On the other hand the covariant functors \(X\otimes^{L}_R-\) and \(\mathrm{RHom}_R(X,-)\) are studied for the special cases \(X=D\), \(X=\mathrm{E}(R/\mathfrak{m})\), and \(X=\mathrm{RHom}(-,\mathrm{R}\Gamma_{\mathfrak{a}}(R))\) [see L. L. Avramov and H.-B. Foxby, Proc. Lond. Math. Soc., III. Ser. 75, No. 2, 241–270 (1997; Zbl 0901.13011), W. G. Dwyer and J. P. C. Greenlees, Am. J. Math. 124, No. 1, 199–220 (2002; Zbl 1017.18008 ), A. Frankild and P. Jørgensen, J. Pure Appl.

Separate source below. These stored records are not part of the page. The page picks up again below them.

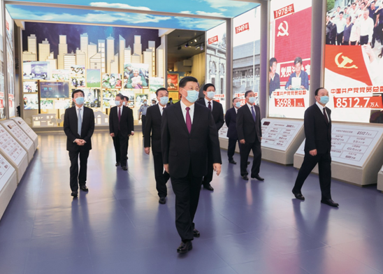 2021年6月18日,習(xí)近平、李克強(qiáng)、栗戰(zhàn)書、汪洋、王滬寧、趙樂際、韓正、王岐山等參觀“‘不忘初心、牢記使命’中國共產(chǎn)黨歷史展覽”。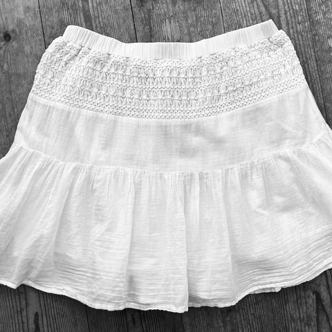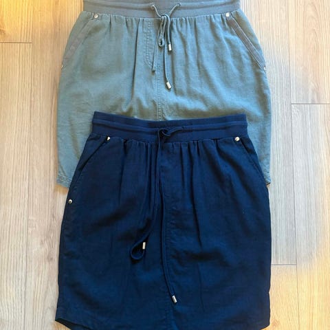 RAH Oslo lin skjørt i hvit farge for dame i størrelse 34. Skjørtet er laget av 100 % lin og har elastisk linning med knytebånd for justerbar passform.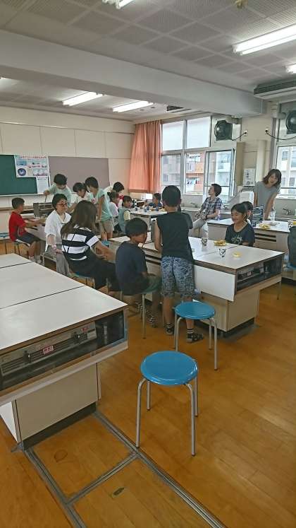 27日(木)5限に家庭科室で5年の親子集会をしました。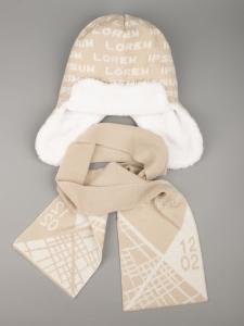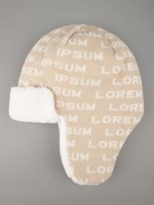 Шапка с вывязанным логотипом и индивидуальным рисунком в фирменной цветовой гамме.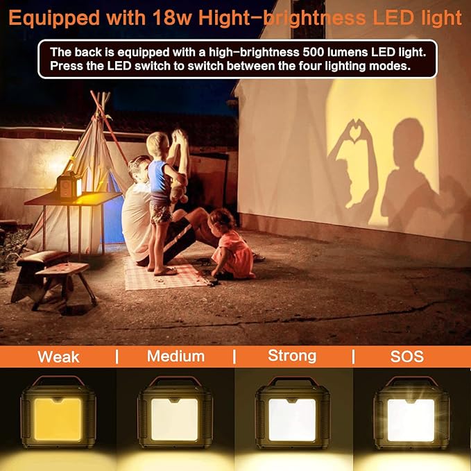 - 【Outdoor Backup Power】Designed lightweight-just 6.6 lbs and has a solid handle for easy to carry. Equipped with an 18W bright emergency flashlight on the back, which can project a powerful beam of up to 500 meters and is suitable for large-area lighting. It is perfect for outdoor camping and disaster prevention. There are 4 lighting modes you can easily switch (weak→medium→strong→SOS).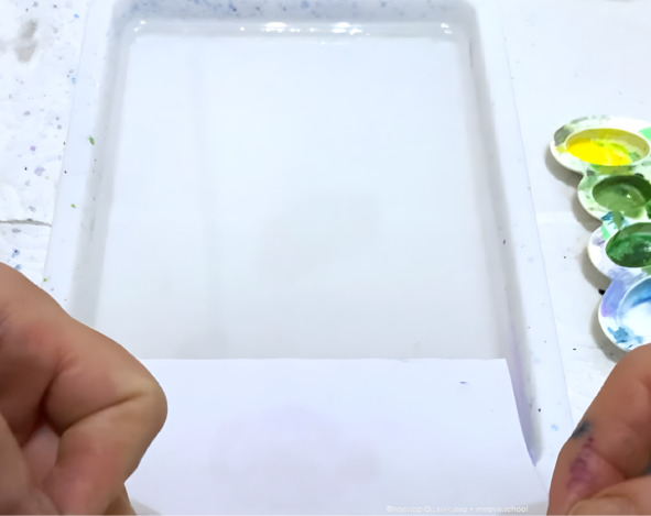 4. Отстоявшийся раствор необходимо перелить в лоток и немного подождать, чтобы он равномерно распределился. Высота водного раствора в емкости должна составлять примерно 2 см. Чтобы собрать микро-пузырьки воздуха с водного раствора, положите на его поверхность лист бумаги для эбру-рисования на 2—3 минуты. Затем держа лист за края, снимите его «на себя» через бортик лотка.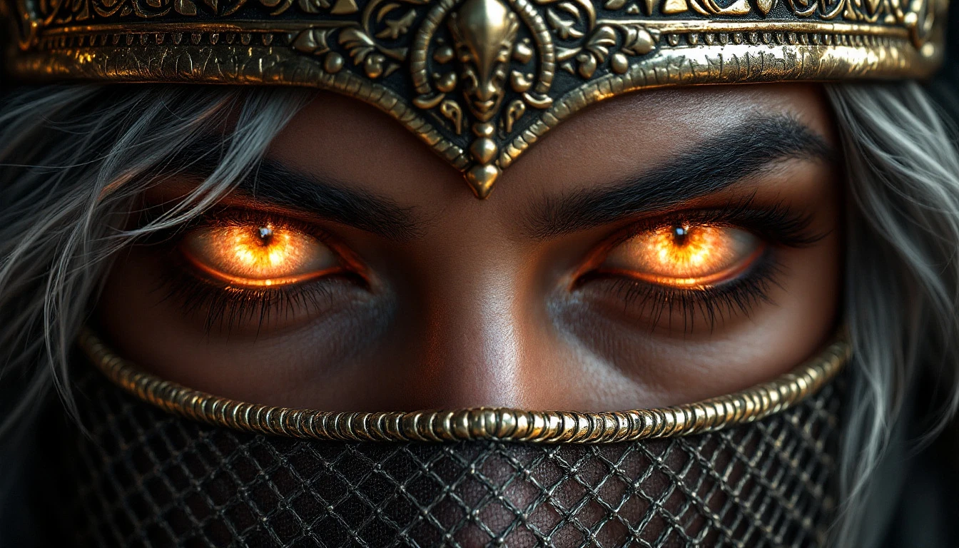 Ultra-realistic . Close-up of Parushat’s eyes slowly closing, the light of life fading from them. [Parushat: deep Achaemenid Persian eyes, framed by strong brows, gray hair visible under her engraved Achaemenid helmet with chainmail veil.]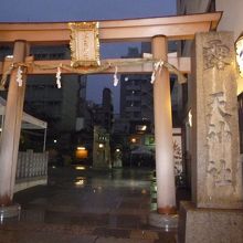 境内には、本殿・水宮・金刀比羅宮・玉津稲荷等の摂社があり、「曽根崎心中」の主人公である、お初&徳兵衛の像もあります。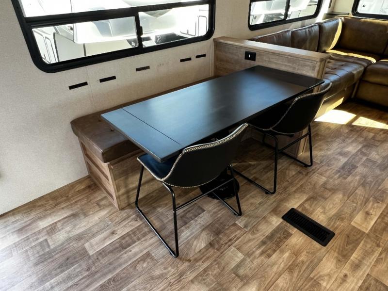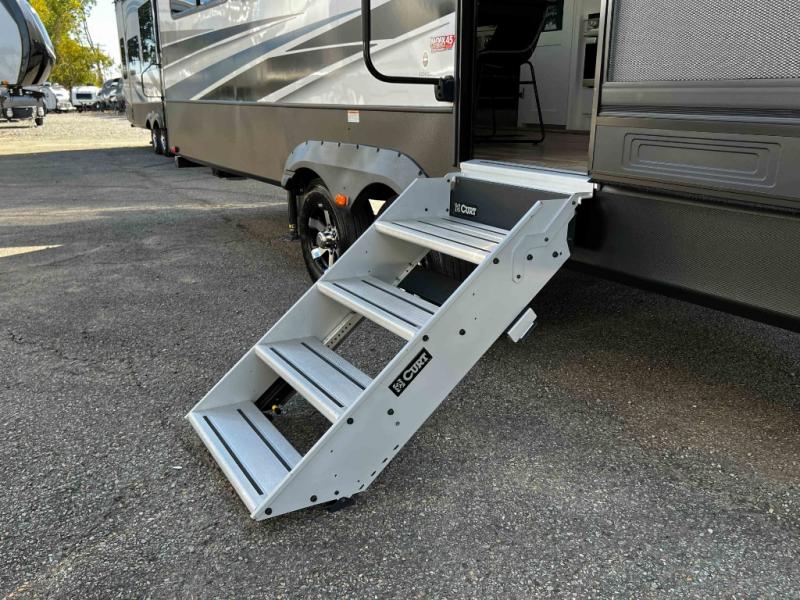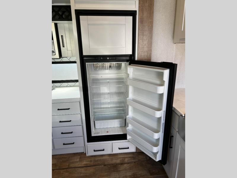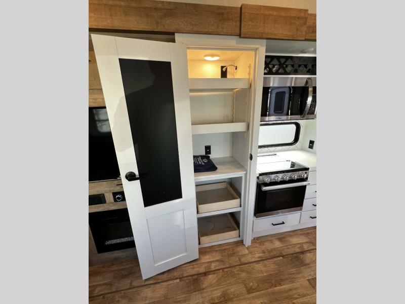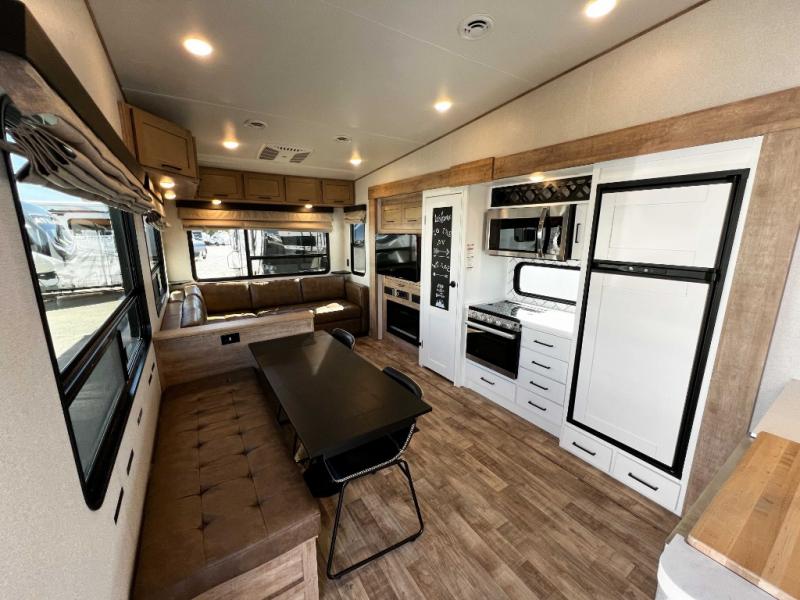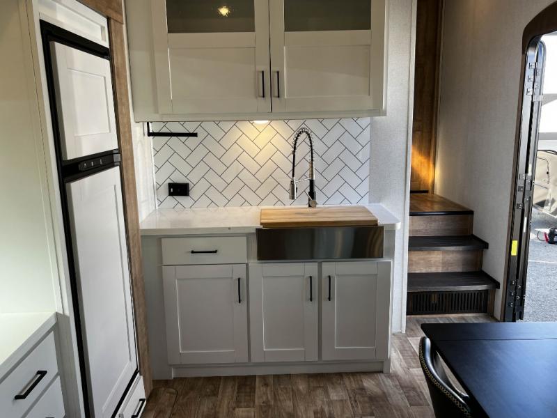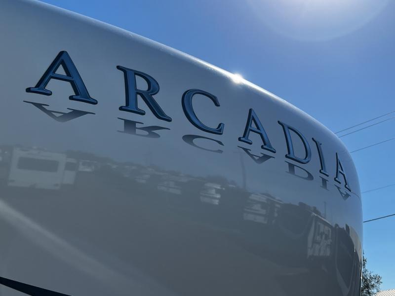 The Keystone Arcadia Half-Ton fifth wheel is stunning, bright, and residential, allowing you to enjoy the inside as much as the outdoors! The classy interior has a chic and trendy vibe with its modern styling, and offers designer vinyl flooring throughout for style and easy care, residential, adjustable hidden hinges on kitchen cabinet doors, and a wine rack above the microwave to mention a few more highlights. The exterior construction is quality at its very core with the Next Generation Crawlspace chassis, the SpaceSaver upper deck chassis design, the Curt rubberized equalization suspension system, the Max Turn Technology front cap design for improved turning radius and the Ground Control 3.0 auto-leveling system for easier setup.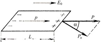 Рис. 5.5. Электрический момент призмы равен q ’ × L = s’ × S × L. Здесь q ’ и s’ — связанный заряд и плотность связанного заряда на основании призмы. Учитывая, что объём призмы равен V = S × L × cosa, этот же электрический момент представим в виде: s’ × SL = P × V = P × SL cosa = Pn × SL. Отсюда легко получить искомое соотношение: s’ = Pn. (5.6) Этот результат позволяет сделать следующие заключения: 1. поверхностная плотность связанных зарядов равна нормальной составляющей вектора поляризации; 2. заряд, прошедший в процессе поляризации через единичную поверхность, нормальную к направлению смещения зарядов, равен модулю вектора поляризации.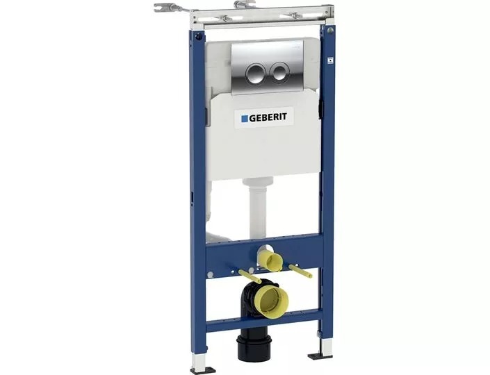 Инсталляции Geberit Delta Plattenbau выдерживают статическую нагрузку 400 кг — это в разы больше потенциальной нагрузки, которая будет возлагаться на сантехнику. Стандартное межосевое расстояние под крепёжные шпильки для керамики — 18/23 см — инсталляция Geberit Delta Plattenbau совместима с любыми моделями унитазов.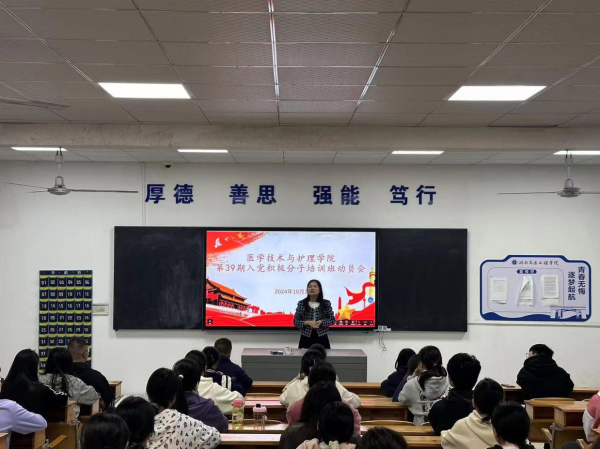 为助力学生深刻理解党的宗旨和使命,认识医学事业在党的事业中的重要地位,引导学生树立正确价值观,增强社会责任感,10月23日晚7点,医学技术与护理学院举办“点亮思想灯塔,引领新风帆”党课活动。此次党课由学生党支部书记贺九芳主持。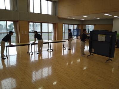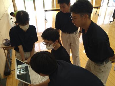 ドローン実習の3回目は、前回までの飛行訓練ではなく、プログラミング操作に挑戦です。まず、ミーティングルームで障害物となる机や卓球台を並べ、担当教師より飛行条件が示されました。最初にみんなで室内の距離や障害物の高さなどの計測を行います。そして、2班に分かれ、専用のソフトを操作します。離陸や旋回など必要な操作を条件に沿うように入力し、ドローンを飛行させます。1回目は、条件通りに飛行させることができませんでした。みんなで敷地の計測間違いがないか、指示の入力ミス修正や機械の特性(風などの影響で旋回の時に微妙に角度がずれるなど)を読み取り、試行錯誤しながらプログラムを修正していきます。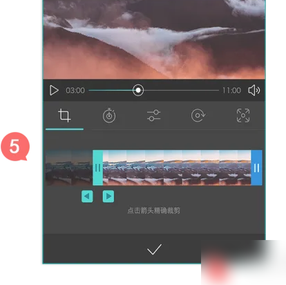 5.按视频上的播放按钮可以预览裁剪的效果,满意后,点击*下方的右【对勾】按钮,完成对该视频的裁剪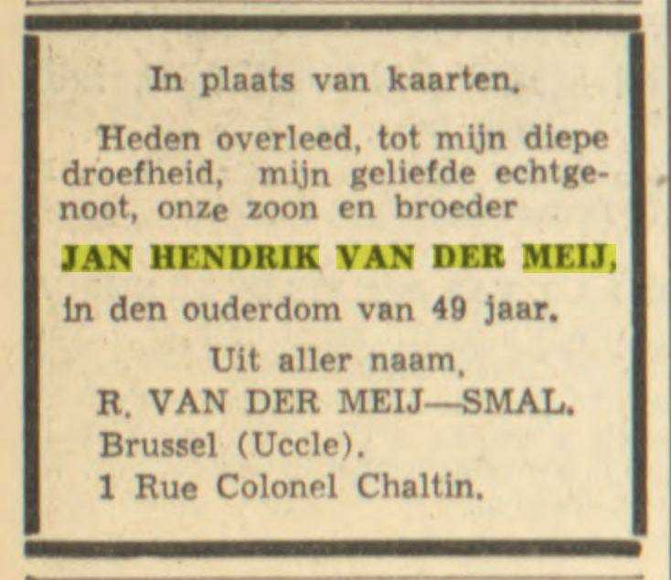 "Familiebericht". "De Tijd : godsdienstig-staatkundig dagblad". 's-Hertogenbosch, 06-01-1943. Geraadpleegd op Delpher op 05-12-2015, http://resolver.kb.nl/resolve?urn=ddd:010380428:mpeg21:a0048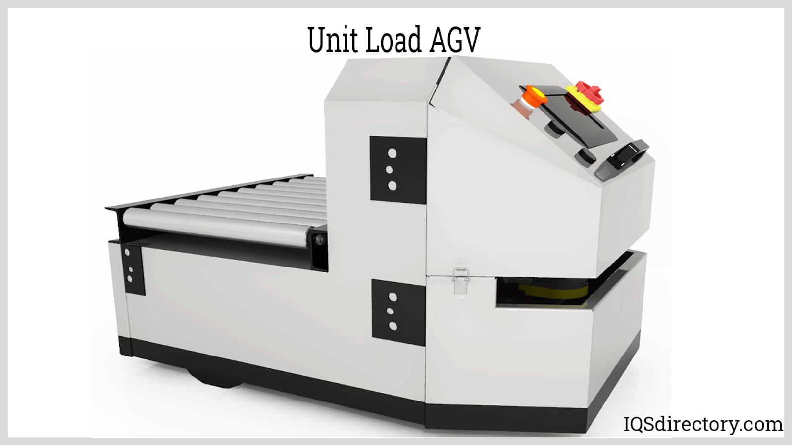 AGV types include forklift AGVs, underride AGVs, towing AGVs, unit load AGVs, assembly AGVs, heavy load AGVs, mini AGVs, AGV scissor lifts, and truck loading AGVs. Each type is optimized for specific material handling, load capacity, or workspace integration tasks.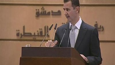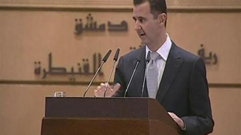 قال الرئيس السوري بشار الاسد في خطاب في دمششق الثلاثاء ان الاولوية الان هي لتحقيق الامن "وضرب الارهابيين والقتلة بيد من حديد"، واتهم اطرافا اقليمية ودولية بالسعي لزعزعة استقرار سوريا.

Algebra 174, No. 2, 135–147 (2002; Zbl 1010.16009)]. In this paper the authors study the contravariant functor \(\mathrm{RHom}(-,\mathrm{R}\Gamma_{\mathfrak{a}}(R))\) and the covariant functor \(\mathrm{R}\Gamma_{\mathfrak{a}}(D)\otimes^L_R-\) and \(\mathrm{RHom}_R(\mathrm{R}\Gamma_{\mathfrak{a}}(D),-)\).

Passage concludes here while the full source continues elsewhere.